**What you are asked to do**
Which lines of the entries below run from the one holding "- 주변장치 - 키보드/마우스, 모니터, 프린터, 네트워크 모뎀 등" to the one holding "Модуль перетворювача струму", inclusive? Set down exactly those lines and no others.
BEGIN Dataset content
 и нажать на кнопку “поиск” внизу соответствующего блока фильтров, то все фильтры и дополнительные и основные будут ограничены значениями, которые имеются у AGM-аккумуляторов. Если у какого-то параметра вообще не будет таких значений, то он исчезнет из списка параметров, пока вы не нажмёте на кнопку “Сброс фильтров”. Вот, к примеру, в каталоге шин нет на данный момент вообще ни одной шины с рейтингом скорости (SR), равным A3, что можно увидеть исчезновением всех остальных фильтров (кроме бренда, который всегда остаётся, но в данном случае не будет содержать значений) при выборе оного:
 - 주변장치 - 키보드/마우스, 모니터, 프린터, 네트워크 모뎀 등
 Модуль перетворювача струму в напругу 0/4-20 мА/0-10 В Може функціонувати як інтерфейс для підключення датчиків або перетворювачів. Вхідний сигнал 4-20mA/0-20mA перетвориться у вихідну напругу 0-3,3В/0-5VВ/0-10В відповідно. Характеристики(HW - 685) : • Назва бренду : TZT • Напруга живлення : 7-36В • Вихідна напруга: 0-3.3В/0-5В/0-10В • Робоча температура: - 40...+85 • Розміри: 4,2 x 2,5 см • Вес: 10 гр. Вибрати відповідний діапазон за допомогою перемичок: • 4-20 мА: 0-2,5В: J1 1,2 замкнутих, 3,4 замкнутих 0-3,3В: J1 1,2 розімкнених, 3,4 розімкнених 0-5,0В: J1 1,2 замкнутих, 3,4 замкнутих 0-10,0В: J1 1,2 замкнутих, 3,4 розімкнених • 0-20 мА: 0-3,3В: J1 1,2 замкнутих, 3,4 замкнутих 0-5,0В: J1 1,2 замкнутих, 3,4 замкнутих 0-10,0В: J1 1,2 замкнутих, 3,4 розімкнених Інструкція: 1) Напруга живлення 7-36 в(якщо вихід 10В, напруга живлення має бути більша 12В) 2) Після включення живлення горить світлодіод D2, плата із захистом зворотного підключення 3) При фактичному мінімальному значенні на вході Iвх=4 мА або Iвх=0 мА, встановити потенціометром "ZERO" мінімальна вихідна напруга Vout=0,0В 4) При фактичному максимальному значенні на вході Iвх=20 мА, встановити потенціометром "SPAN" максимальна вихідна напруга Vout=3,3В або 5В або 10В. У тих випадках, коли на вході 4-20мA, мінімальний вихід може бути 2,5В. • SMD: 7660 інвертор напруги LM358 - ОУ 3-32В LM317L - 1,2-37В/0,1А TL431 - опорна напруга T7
END Dataset content
BEGIN Dataset content
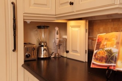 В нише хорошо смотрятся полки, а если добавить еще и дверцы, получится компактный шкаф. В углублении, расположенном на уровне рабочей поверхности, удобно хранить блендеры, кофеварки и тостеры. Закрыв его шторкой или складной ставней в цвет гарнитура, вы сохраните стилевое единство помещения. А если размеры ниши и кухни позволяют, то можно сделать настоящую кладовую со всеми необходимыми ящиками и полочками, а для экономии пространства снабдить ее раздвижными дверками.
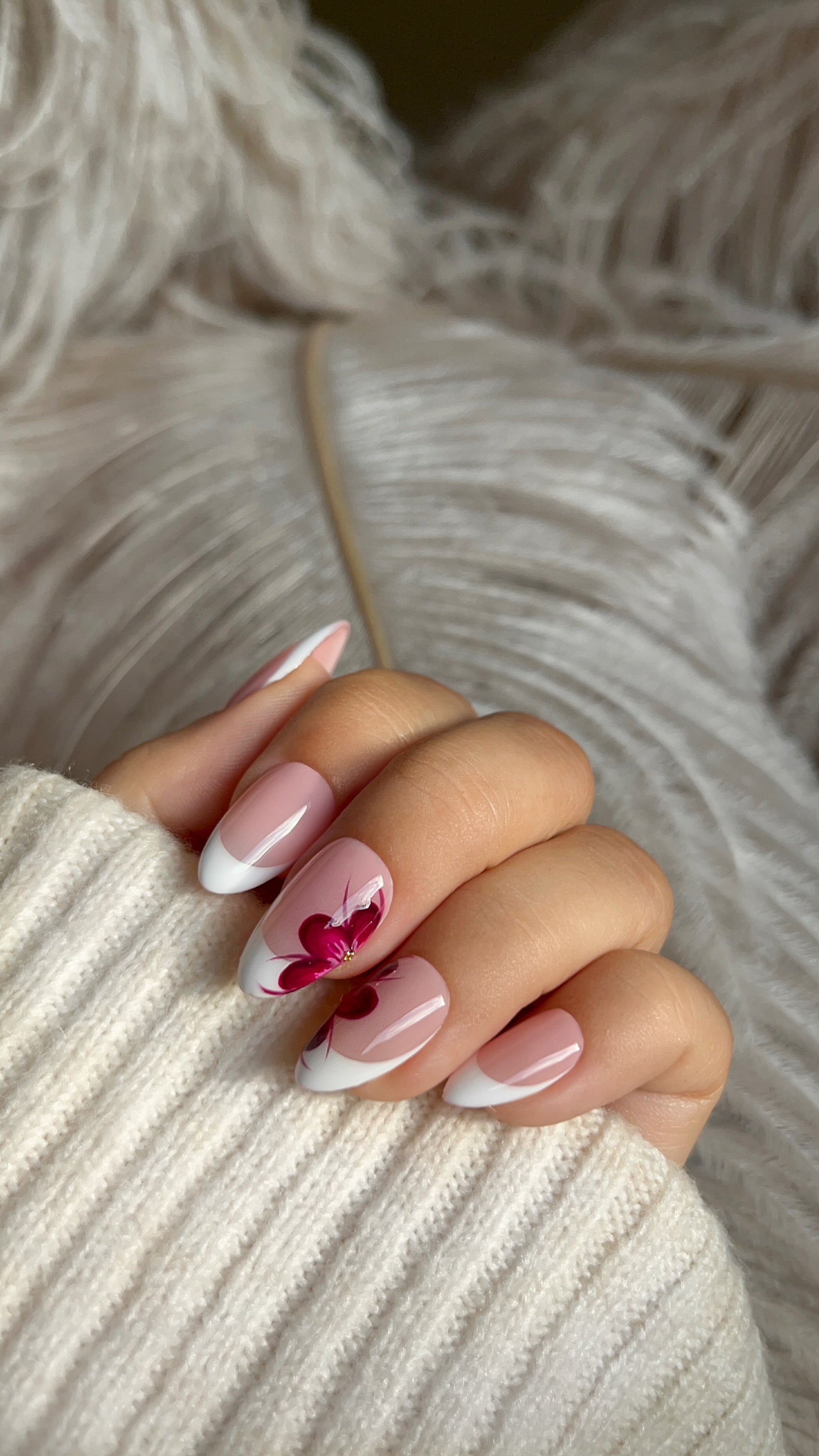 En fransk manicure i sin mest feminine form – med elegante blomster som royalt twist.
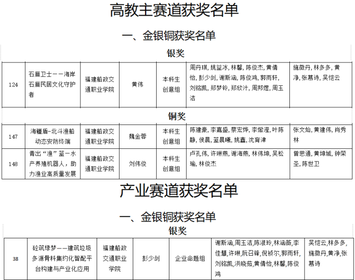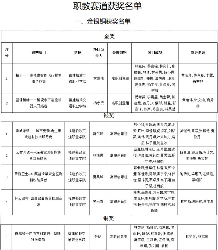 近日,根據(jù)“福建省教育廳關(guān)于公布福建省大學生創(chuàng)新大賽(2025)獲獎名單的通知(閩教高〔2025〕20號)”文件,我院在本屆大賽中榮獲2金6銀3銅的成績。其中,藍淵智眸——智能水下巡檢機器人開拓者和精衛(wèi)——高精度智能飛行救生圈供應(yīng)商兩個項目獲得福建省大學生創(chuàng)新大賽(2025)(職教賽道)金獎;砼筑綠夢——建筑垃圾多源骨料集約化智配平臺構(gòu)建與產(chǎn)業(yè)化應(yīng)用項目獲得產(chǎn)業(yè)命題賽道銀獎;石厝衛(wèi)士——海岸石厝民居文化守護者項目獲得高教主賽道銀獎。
END Dataset content
**Your solution**
 - 주변장치 - 키보드/마우스, 모니터, 프린터, 네트워크 모뎀 등
 Модуль перетворювача струму в напругу 0/4-20 мА/0-10 В Може функціонувати як інтерфейс для підключення датчиків або перетворювачів. Вхідний сигнал 4-20mA/0-20mA перетвориться у вихідну напругу 0-3,3В/0-5VВ/0-10В відповідно. Характеристики(HW - 685) : • Назва бренду : TZT • Напруга живлення : 7-36В • Вихідна напруга: 0-3.3В/0-5В/0-10В • Робоча температура: - 40...+85 • Розміри: 4,2 x 2,5 см • Вес: 10 гр. Вибрати відповідний діапазон за допомогою перемичок: • 4-20 мА: 0-2,5В: J1 1,2 замкнутих, 3,4 замкнутих 0-3,3В: J1 1,2 розімкнених, 3,4 розімкнених 0-5,0В: J1 1,2 замкнутих, 3,4 замкнутих 0-10,0В: J1 1,2 замкнутих, 3,4 розімкнених • 0-20 мА: 0-3,3В: J1 1,2 замкнутих, 3,4 замкнутих 0-5,0В: J1 1,2 замкнутих, 3,4 замкнутих 0-10,0В: J1 1,2 замкнутих, 3,4 розімкнених Інструкція: 1) Напруга живлення 7-36 в(якщо вихід 10В, напруга живлення має бути більша 12В) 2) Після включення живлення горить світлодіод D2, плата із захистом зворотного підключення 3) При фактичному мінімальному значенні на вході Iвх=4 мА або Iвх=0 мА, встановити потенціометром "ZERO" мінімальна вихідна напруга Vout=0,0В 4) При фактичному максимальному значенні на вході Iвх=20 мА, встановити потенціометром "SPAN" максимальна вихідна напруга Vout=3,3В або 5В або 10В. У тих випадках, коли на вході 4-20мA, мінімальний вихід може бути 2,5В. • SMD: 7660 інвертор напруги LM358 - ОУ 3-32В LM317L - 1,2-37В/0,1А TL431 - опорна напруга T7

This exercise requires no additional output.